Each broker sends the usage for the namespaces that it manages.
- Size of usage = 16 bytes
- Size of usage for publish+consume = 32bytes
- For 5000 namespaces, each broker publishes periodically (say every minute): 32*5000 = 160K bytes.
- Metadata overhead [assuming broker name is 40 bytes and namespace is 80 bytes]: 5000*80 = 400K.
- For 100 brokers: (160K + 400K) * 100 = 56MB.
So, publish side network bandwidth is 56MB. Including the consumption side (across all brokers), it is 56MB*100 = 5.6G.
Few optimizations that can reduce the overall bandwidth:
- Brokers publish usage only if the usage is significantly different from the previous update.
- Use compression (trade-off is higher CPU).
- Publish to more than one system topic (so the network load gets distributed across brokers).
- Since metadata changes [ namespace/tenant addition/removal ] are rare, publish the metadata update [namespace name to ID mapping] only when there is a change.

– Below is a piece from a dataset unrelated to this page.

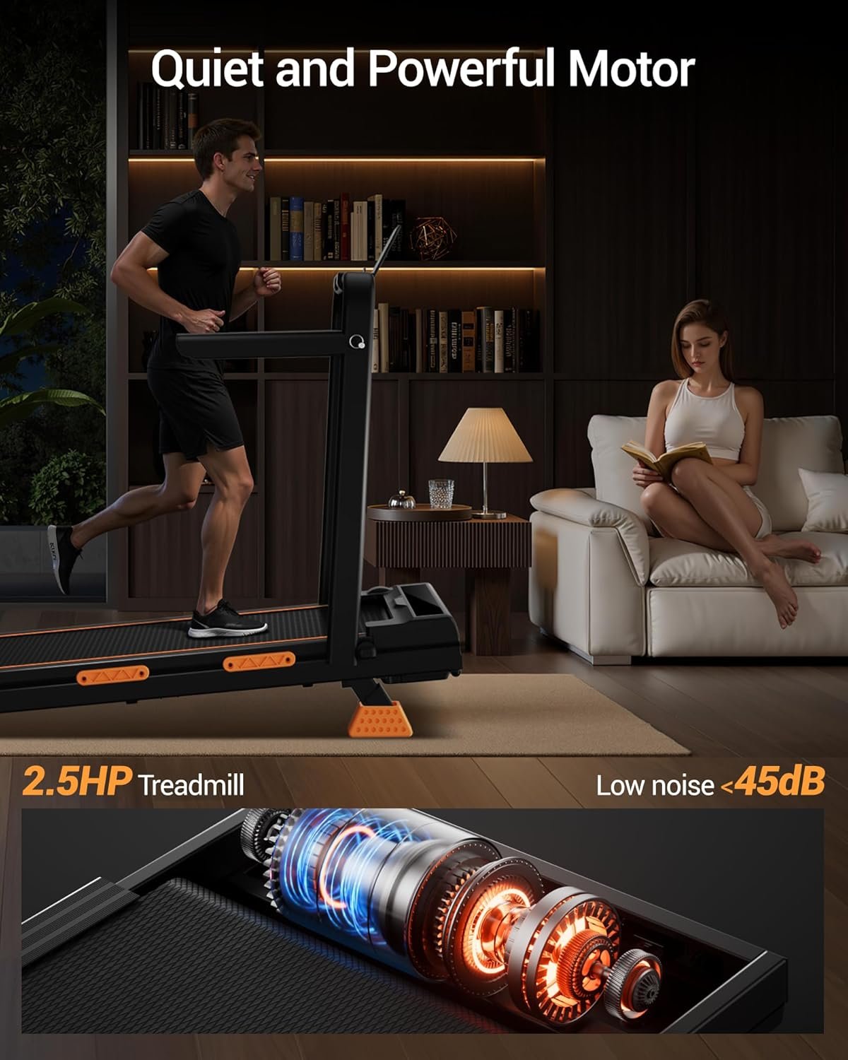 Powerful and Quiet Motor: Powered by a high-performance motor with 67% more power, it delivers consistent output even under heavy use while keeping noise under 45 dB—ideal for home workouts..The LED display screen tracks time, speed, distance and calories burned in real time.

The Usage report will carry the namespace/tenant ID instead of the name.
The usage data doesn’t require persistent storage. So, there is no persistent storage overhead.
One approach is to use a distributed DB (such as Cassandra, redis, memcached etc) to store the quota counter and usage counters. Quota reservation/refresh can just be increment/decrement operations on the quota counter. The approach may seem reasonable, but has a few issues:
- Atomic increment/decrement operations on the distributed counter can incur significant latency overhead.
- Dependency on external systems has a very high operational cost. It is yet another cluster that needs to be deployed, maintained, updated etc.
One broker is designated as leader for a given resource group and the quota allocation is computed by that broker. The allocation is then disseminated to other brokers. “Exclusive producer” feature can be used for this purpose. This approach has a few issues.
- More complex implementation because of leader election.
- If the leader dies, another needs to be elected which can lead to unnecessary latency.
Another possible approach would have been for the brokers to exchange usage information through Zookeeper. This was not pursued because of perceived scaling issues: with a large number of brokers and/or namespaces/tenants to rate-limit, the size of messages and the high volume of writes into Zookeeper could become a problem. Since Zookeeper is already used in certain parts of Pulsar, it was decided that we should not burden that subsystem with more work.